At 1680 MHz, the antenna was small enough to be independent in the radiosonde package. In the late 1950s and 1960s, additional models appeared with changes in mechanical construction, such as the AN/. In the early 1940s, another factor, interference, began to affect the operating frequency of radiosondes.
The evolution of the radiosonde with frequency modulation for audio subcarriers was important for the development of data telemetry. In the 1940s, the introduction of multi-channel radio telemetry enabled the simultaneous transmission of the output of numerous sensors. Also, the development of multichannel radio telemetry was accelerated in the immediate postwar years by the needs of military missile programs.
At that time, the question of whether "primary" cosmic rays (i.e., the component of such radiation that exists outside the Earth's atmosphere) were electromagnetic waves or charged particles was still unresolved. Johnson's probe (as discussed in the previous section) was designed to measure cosmic rays. In the late 1930s, Jean Piccard conducted additional research on cellophane balloons at the University of Minnesota.
Conclusion
Identified by the donor as a Vaisala type, improved by Schulze at the "Naval Observatory" in Griefswald (Germany) in 1942-1944. This white corrugated paper box, 28x 12x16 cm, contains elements for measuring temperature (two mercury thermometers and one bimetallic), pressure (aneroid) and humidity (hair hygrometer).

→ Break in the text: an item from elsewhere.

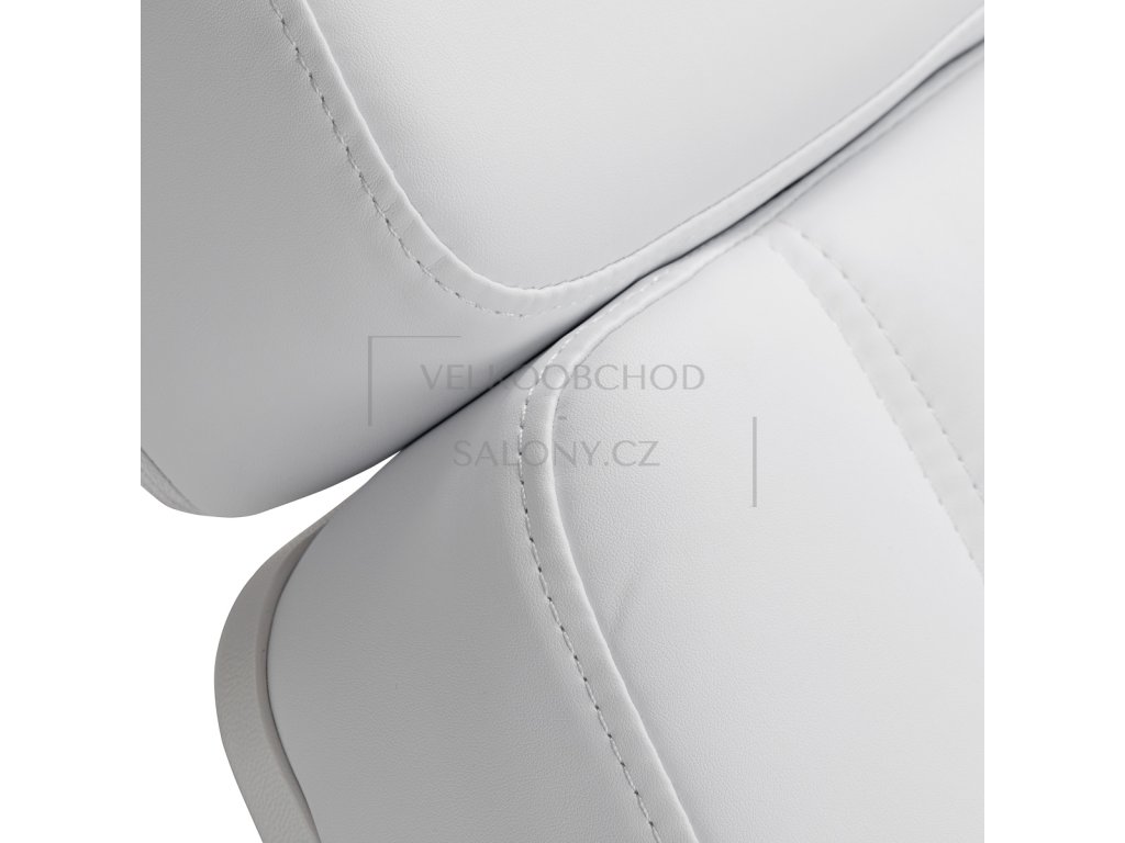 Robustní konstrukce křesla zajišťuje stabilitu a odolnost při každodenním používání. Sedák vyplněný pěnou s vhodně zvolenou tvrdostí zaručuje pohodlí i při dlouhodobých procedurách. Potah z vysoce kvalitní, příjemné na dotek imitace kůže v odstínech bílé barvy dodává celku profesionální vzhled a zároveň je odolný proti vlhkosti a snadno se udržuje v čistotě. Odolná základna zaručuje stabilitu a precizní zpracování podtrhuje moderní charakter křesla a zvyšuje ergonomii sedáku.

The design above is a housing containing sensing elements for measuring pressure (aneroids) and humidity (gold beater skin) - the temperature element is missing (but see cat. no. 319830).
This paper-covered corrugated box, 13x16x12 cm, contains a transmitter, a barometric switch and sensing elements for measuring temperature (thermistor) and pressure (aneroid). Early investigators were aware of the potential advantages of shorter wavelengths, but they faced significant technological barriers to the use of shorter wavelengths. The first production models of the NBS radiosonde were standardized on the 4-meter range because this wavelength was low enough to achieve almost all possible advantages in smaller size and weight.

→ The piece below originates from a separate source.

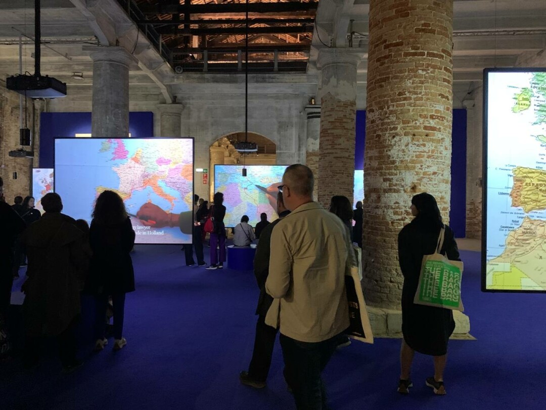 Ярким для меня высказыванием стал проект Бушра Халили – французско-марокканской художницы, исследующей аутсайдеров как людей без гражданства. Проект Халили «Картографическое путешествие» – серия из 8 проекционных экранов в отдельном зале, на которых представлены воспоминания людей, вынужденных переместиться из своего родного региона.

However, it did not place the radiosonde signals in an appropriate part of the radio band to solve all the problems. The displacement of the radio spectrum by overlapping transmitter frequencies had begun during the rapid expansion of radiotelegraphy before World War I, and the problem was serious enough to warrant the formation of regular international conferences to establish cooperative allocations of frequency bands before World War I . international use. Because these problems seemed unsolvable within the limitations of the mechanical approach, research into electrical sensors had begun.
In 1952, the Mk2B was introduced, featuring improved RF temperature compensation and the transmitter's audio subcarrier oscillator phases. Apparently, the accuracy figures for the European models were similar to those of the NBS-Navy type (ie, temperature within a degree in the range from plus 40 to minus 75 degrees Celsius; pressure within a millibar from 150 to 1050 millibar; and humidity within three percent from 0 to 100 percent relative humidity). There is little published data on the in-flight accuracy of production versions of various radiosonde designs.